▶ **Data extract**
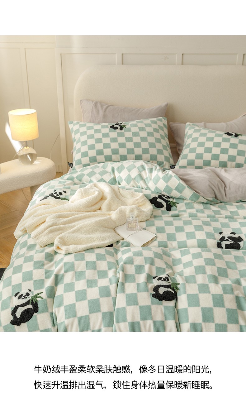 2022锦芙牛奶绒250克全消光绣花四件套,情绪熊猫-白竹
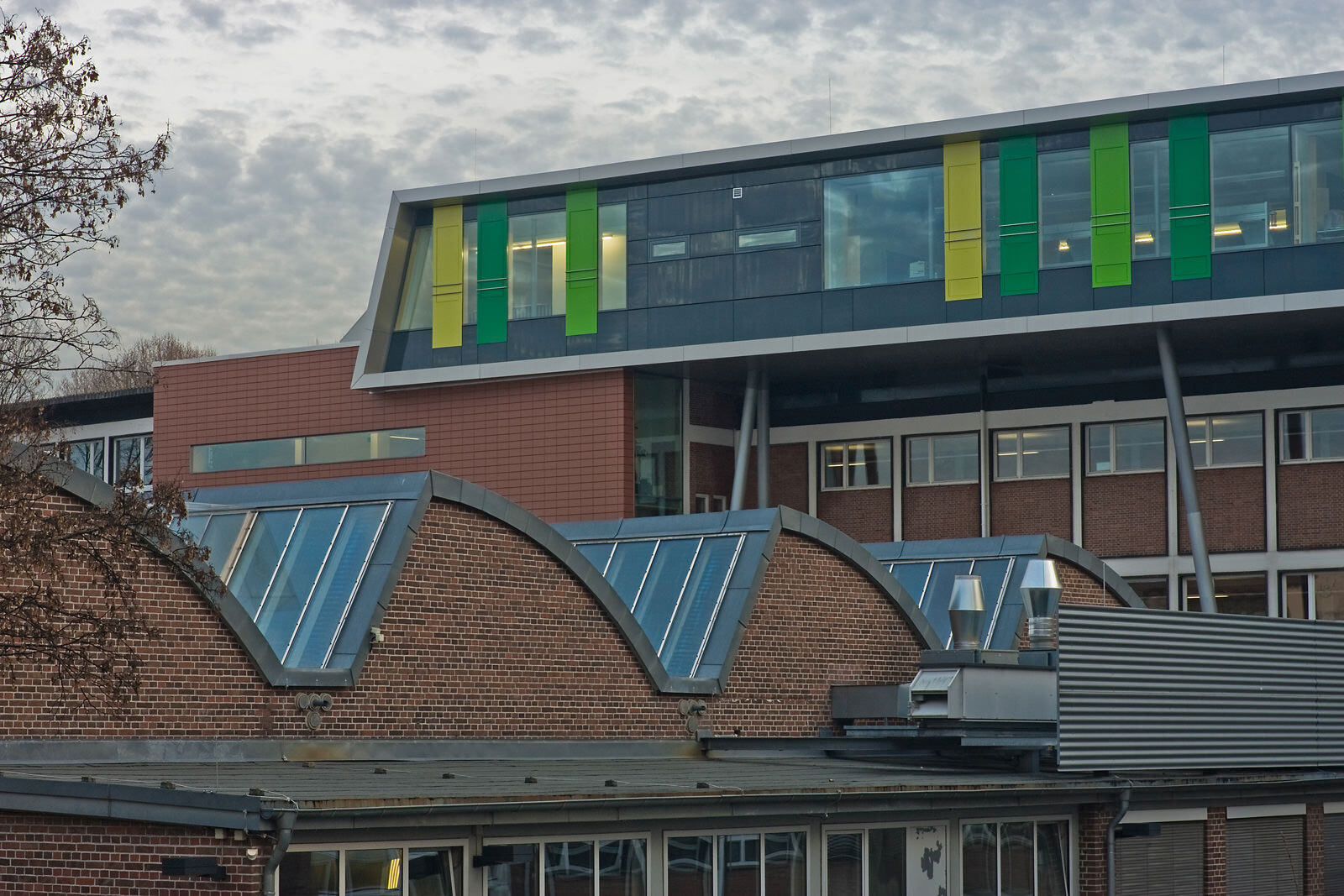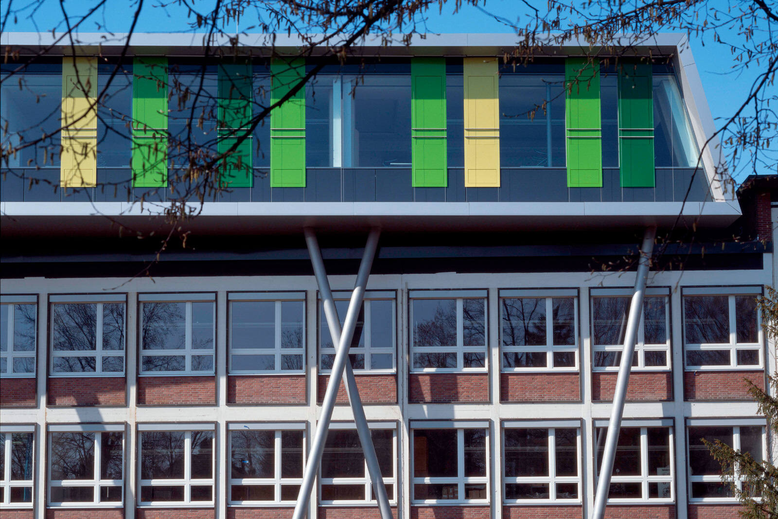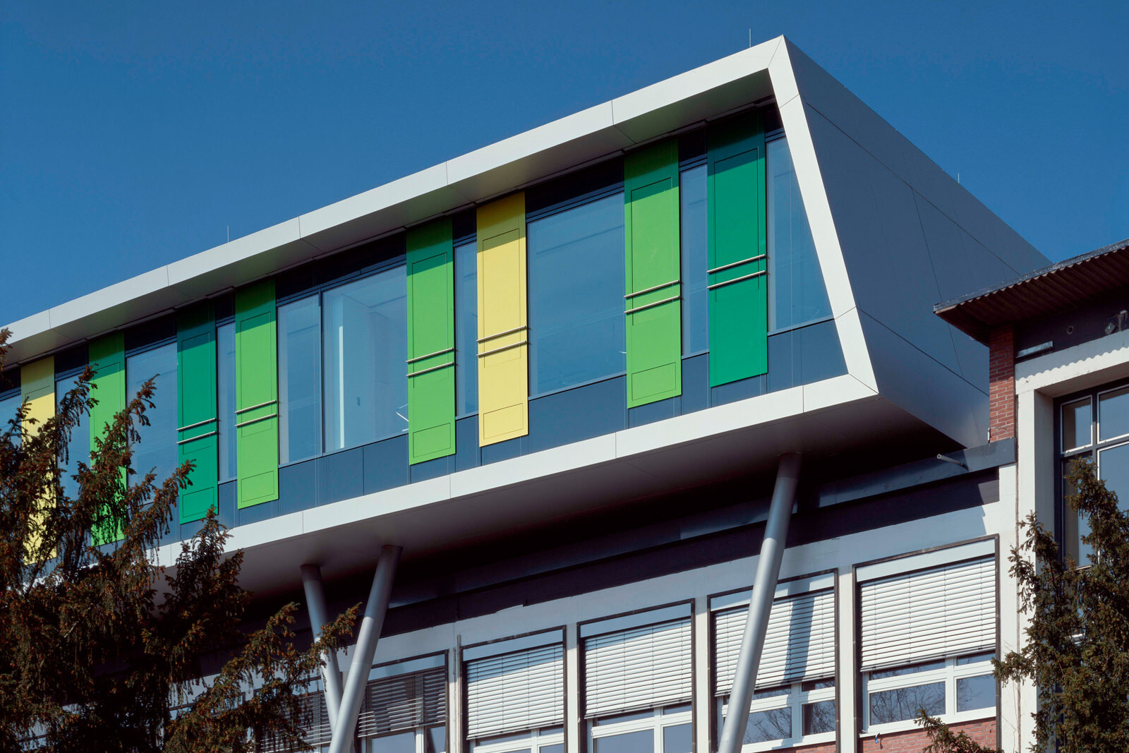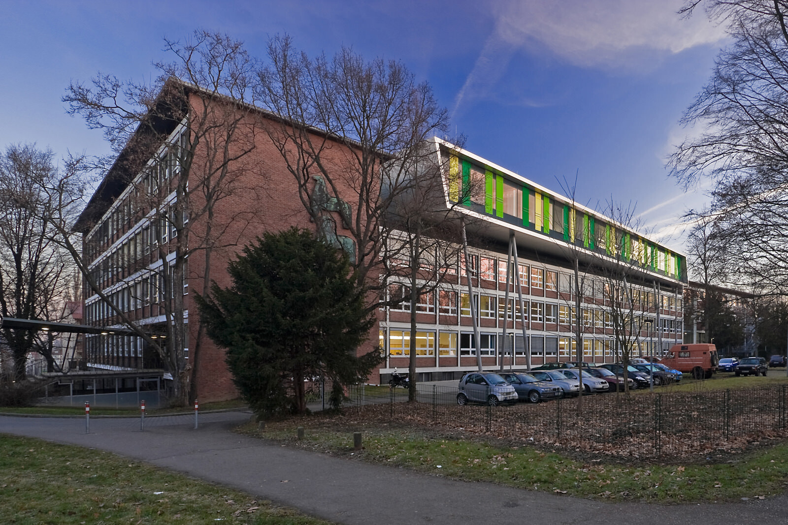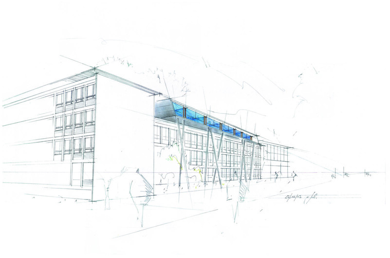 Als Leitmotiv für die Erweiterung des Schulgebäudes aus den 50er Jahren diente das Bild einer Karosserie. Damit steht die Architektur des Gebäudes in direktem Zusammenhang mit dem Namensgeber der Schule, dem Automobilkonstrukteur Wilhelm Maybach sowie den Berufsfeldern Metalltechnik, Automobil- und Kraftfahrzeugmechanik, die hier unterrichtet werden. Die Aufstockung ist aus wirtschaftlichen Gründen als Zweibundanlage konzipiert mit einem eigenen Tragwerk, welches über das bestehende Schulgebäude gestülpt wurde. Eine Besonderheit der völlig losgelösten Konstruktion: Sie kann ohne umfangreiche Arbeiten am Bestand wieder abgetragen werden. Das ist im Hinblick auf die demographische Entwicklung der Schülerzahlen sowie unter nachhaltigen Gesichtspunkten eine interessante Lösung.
* * *
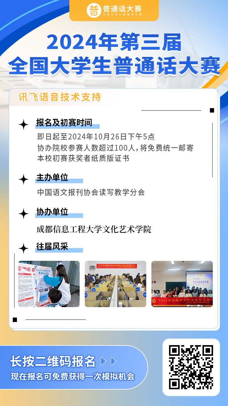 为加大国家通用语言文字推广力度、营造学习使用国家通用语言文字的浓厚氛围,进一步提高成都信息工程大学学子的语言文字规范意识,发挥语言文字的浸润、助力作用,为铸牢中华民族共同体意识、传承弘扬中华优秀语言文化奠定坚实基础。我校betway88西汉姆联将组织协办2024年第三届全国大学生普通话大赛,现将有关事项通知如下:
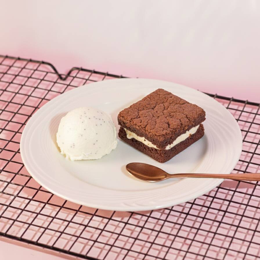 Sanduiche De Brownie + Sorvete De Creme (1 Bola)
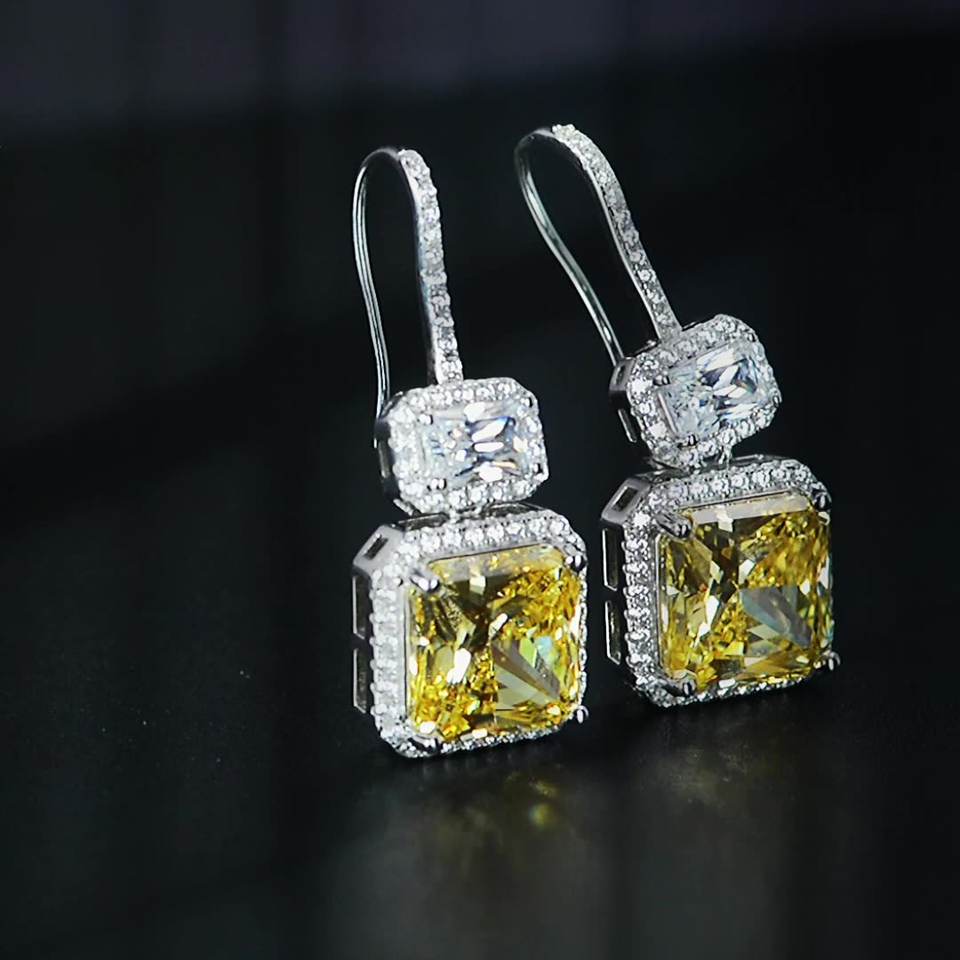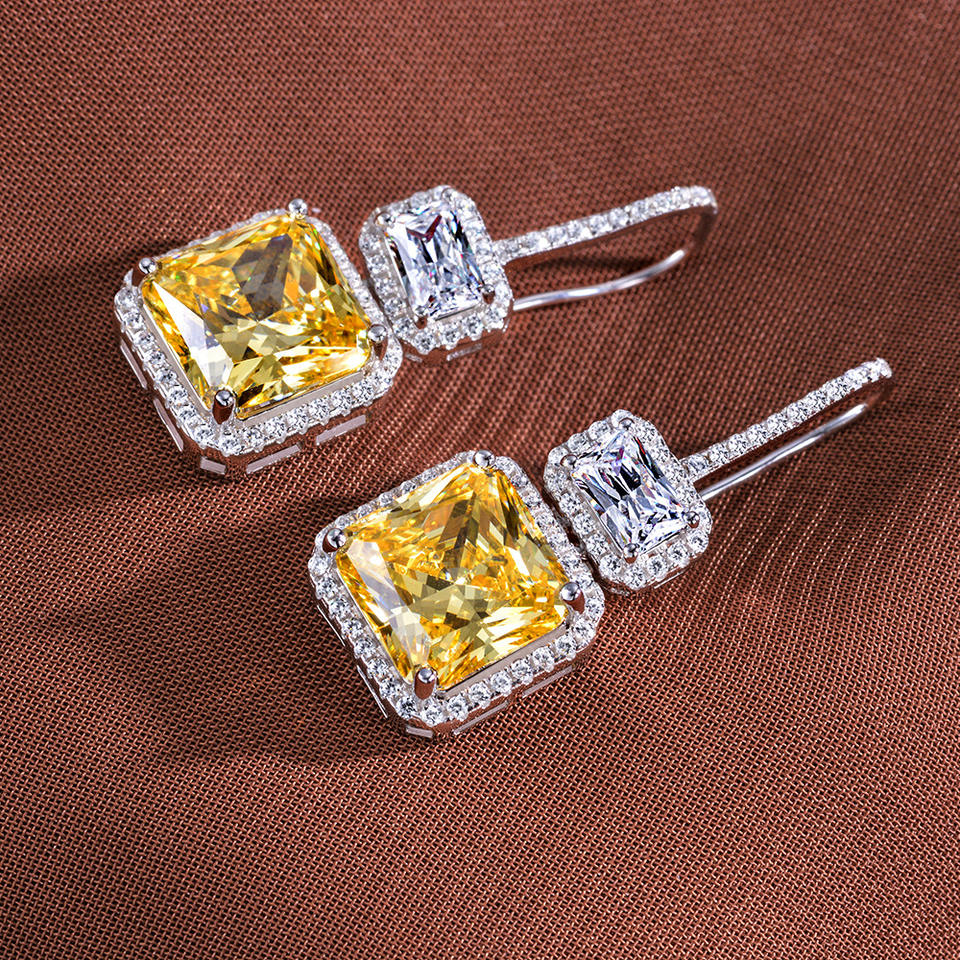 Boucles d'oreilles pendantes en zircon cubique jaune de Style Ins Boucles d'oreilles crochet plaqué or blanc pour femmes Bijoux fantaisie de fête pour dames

▶ **Directions for this task**
Pictures in the entries do not go into the copy. Print only the lines starting at the one containing "Sanduiche De Brownie" and ending at the one containing "Boucles d'oreilles pendantes", exactly as they appear.

▶ **Exercise solution**
 Sanduiche De Brownie + Sorvete De Creme (1 Bola)
 Boucles d'oreilles pendantes en zircon cubique jaune de Style Ins Boucles d'oreilles crochet plaqué or blanc pour femmes Bijoux fantaisie de fête pour dames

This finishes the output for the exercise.